* _ASSIGNED TASK_: Give back the listing in full and exactly, leaving out the images.
------ MATERIAL PROVIDED ------
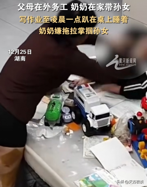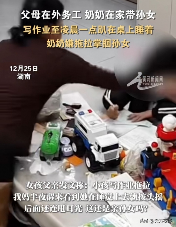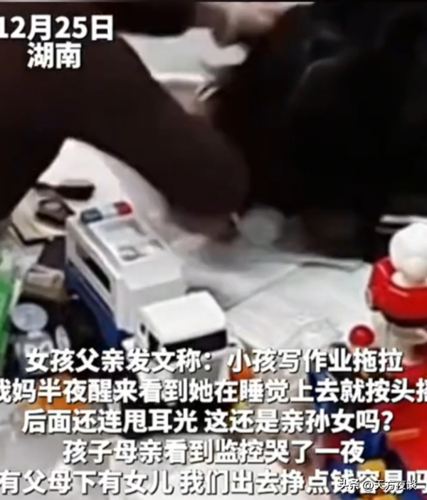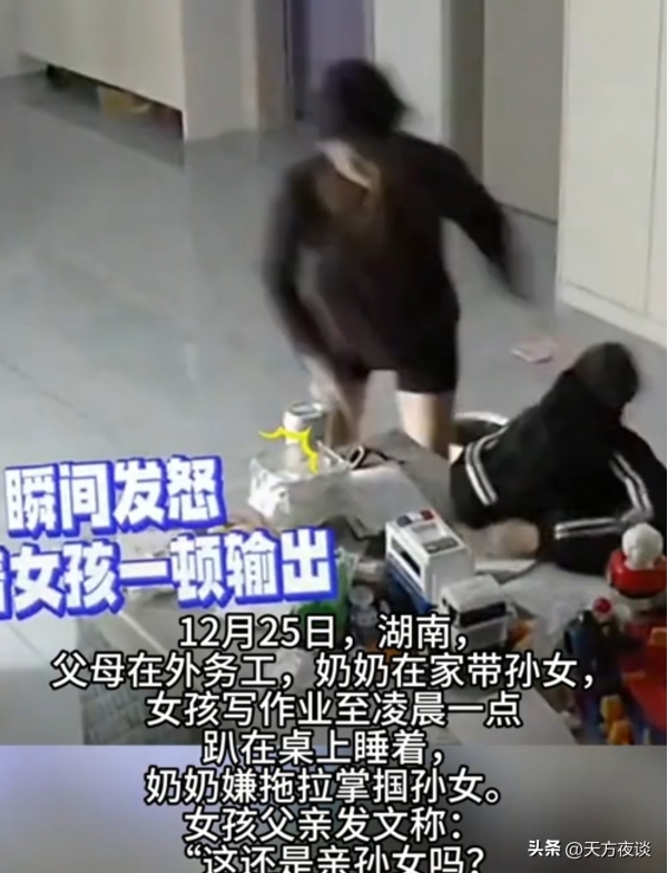 监控里接下来的画面,看得人心里直发紧。奶奶推门出来瞧见这一幕,半分心疼都没有,先是"啪"地关掉台灯,伸手就粗暴摇晃小雅的胳膊。孩子迷迷糊糊睁开眼,揉着酸涩的眼睛想去开灯接着写,就因为抬头斜看了奶奶一眼,直接点燃了老人的火气。
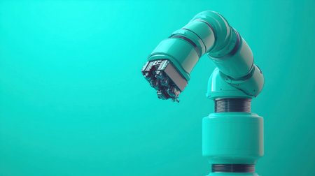 This image showcases a modern robotic arm with a sleek design, set against a vibrant teal background, symbolizing innovation in automation technology.
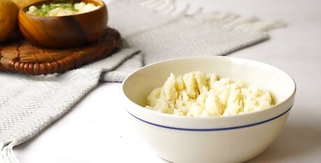 Use a pan on your stovetop. First, pour some cream. Bring it to a simmer. Stir your mashed potatoes into the cream evenly. Continue to stir until the potatoes are heated through. If needed, add more cream and wait for it to come to a simmer, then stir it into the potatoes. Depending on the amount of potatoes you’re reheating and the size of the pan, it’s best to start off with too little cream than too much. At the very least, use enough to coat the bottom of the pan. Use a food thermometer to check the potatoes’ internal temperature; for health reasons, the potatoes should reach at least 165º before they’re safe to eat.
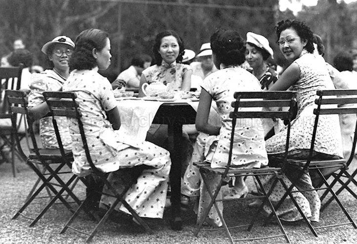 MEMBERS OF YOUNG WOMEN'S CHRISTIAN ASSOCIATION (YWCA) HAVING TEA AT SINGAPORE BOTANIC GARDENS
------
* _FINISHED TASK_:
 监控里接下来的画面,看得人心里直发紧。奶奶推门出来瞧见这一幕,半分心疼都没有,先是"啪"地关掉台灯,伸手就粗暴摇晃小雅的胳膊。孩子迷迷糊糊睁开眼,揉着酸涩的眼睛想去开灯接着写,就因为抬头斜看了奶奶一眼,直接点燃了老人的火气。
 This image showcases a modern robotic arm with a sleek design, set against a vibrant teal background, symbolizing innovation in automation technology.
 Use a pan on your stovetop. First, pour some cream. Bring it to a simmer. Stir your mashed potatoes into the cream evenly. Continue to stir until the potatoes are heated through. If needed, add more cream and wait for it to come to a simmer, then stir it into the potatoes. Depending on the amount of potatoes you’re reheating and the size of the pan, it’s best to start off with too little cream than too much. At the very least, use enough to coat the bottom of the pan. Use a food thermometer to check the potatoes’ internal temperature; for health reasons, the potatoes should reach at least 165º before they’re safe to eat.
 MEMBERS OF YOUNG WOMEN'S CHRISTIAN ASSOCIATION (YWCA) HAVING TEA AT SINGAPORE BOTANIC GARDENS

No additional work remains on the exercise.